YOUR ASSIGNMENT — Whatever pictures appear, omit them, and repeat the data below exactly.

DATA BELOW —

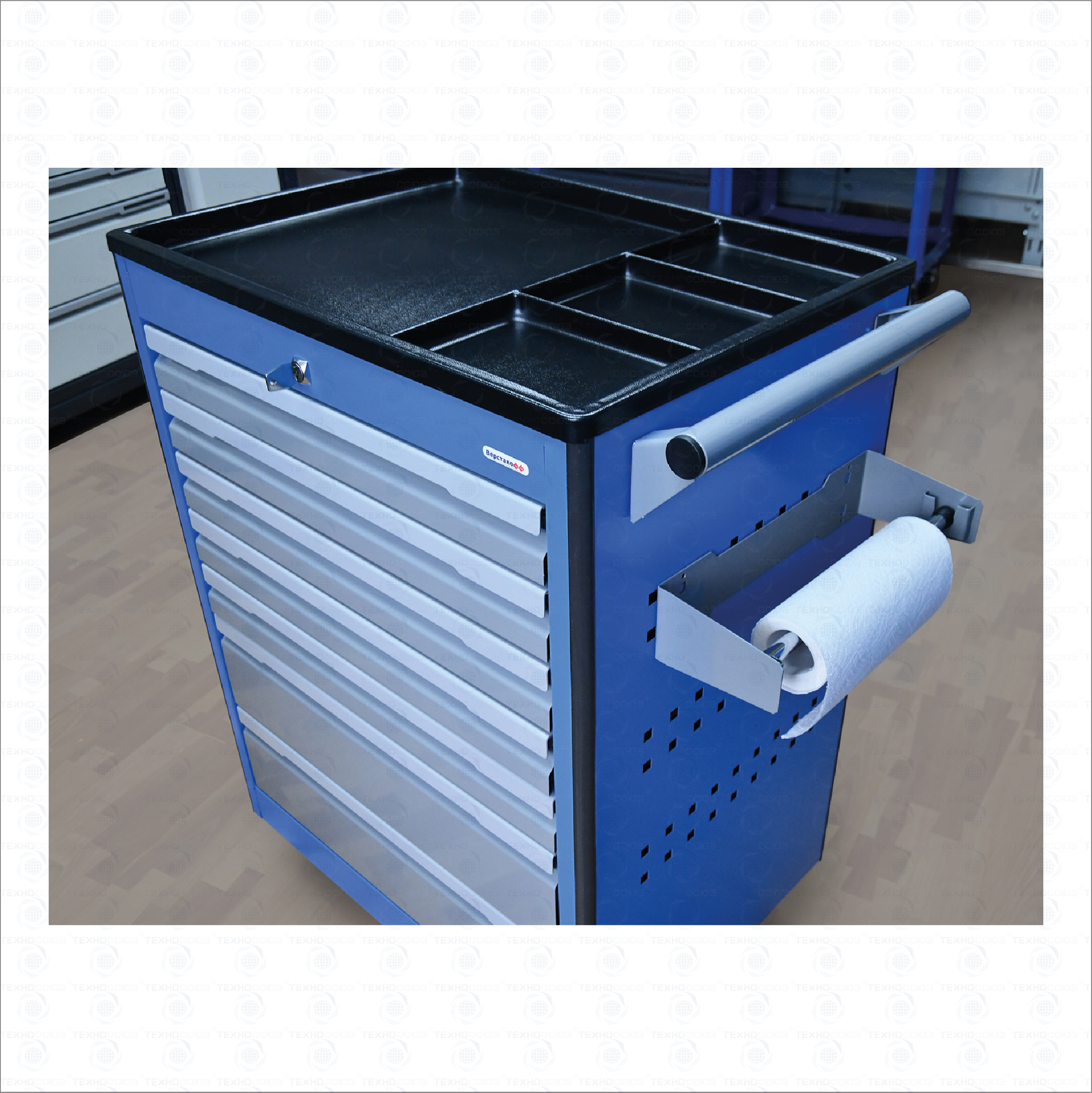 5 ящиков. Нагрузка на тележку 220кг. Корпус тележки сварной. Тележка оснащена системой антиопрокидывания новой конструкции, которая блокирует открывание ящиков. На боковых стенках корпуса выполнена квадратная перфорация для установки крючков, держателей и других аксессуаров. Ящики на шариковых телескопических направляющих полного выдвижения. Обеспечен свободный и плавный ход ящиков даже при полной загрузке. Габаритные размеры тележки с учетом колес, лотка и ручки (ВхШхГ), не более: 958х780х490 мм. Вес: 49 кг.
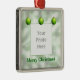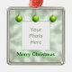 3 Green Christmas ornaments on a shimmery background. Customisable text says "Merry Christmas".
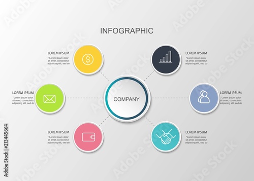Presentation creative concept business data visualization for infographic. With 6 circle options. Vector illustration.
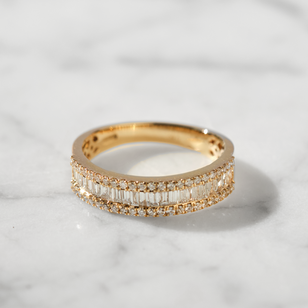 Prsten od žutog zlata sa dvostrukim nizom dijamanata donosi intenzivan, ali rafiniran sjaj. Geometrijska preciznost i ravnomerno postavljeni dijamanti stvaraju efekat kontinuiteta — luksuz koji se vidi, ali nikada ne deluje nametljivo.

REPLY TO THE EXERCISE —
 5 ящиков. Нагрузка на тележку 220кг. Корпус тележки сварной. Тележка оснащена системой антиопрокидывания новой конструкции, которая блокирует открывание ящиков. На боковых стенках корпуса выполнена квадратная перфорация для установки крючков, держателей и других аксессуаров. Ящики на шариковых телескопических направляющих полного выдвижения. Обеспечен свободный и плавный ход ящиков даже при полной загрузке. Габаритные размеры тележки с учетом колес, лотка и ручки (ВхШхГ), не более: 958х780х490 мм. Вес: 49 кг.
 3 Green Christmas ornaments on a shimmery background. Customisable text says "Merry Christmas".
Presentation creative concept business data visualization for infographic. With 6 circle options. Vector illustration.
 Prsten od žutog zlata sa dvostrukim nizom dijamanata donosi intenzivan, ali rafiniran sjaj. Geometrijska preciznost i ravnomerno postavljeni dijamanti stvaraju efekat kontinuiteta — luksuz koji se vidi, ali nikada ne deluje nametljivo.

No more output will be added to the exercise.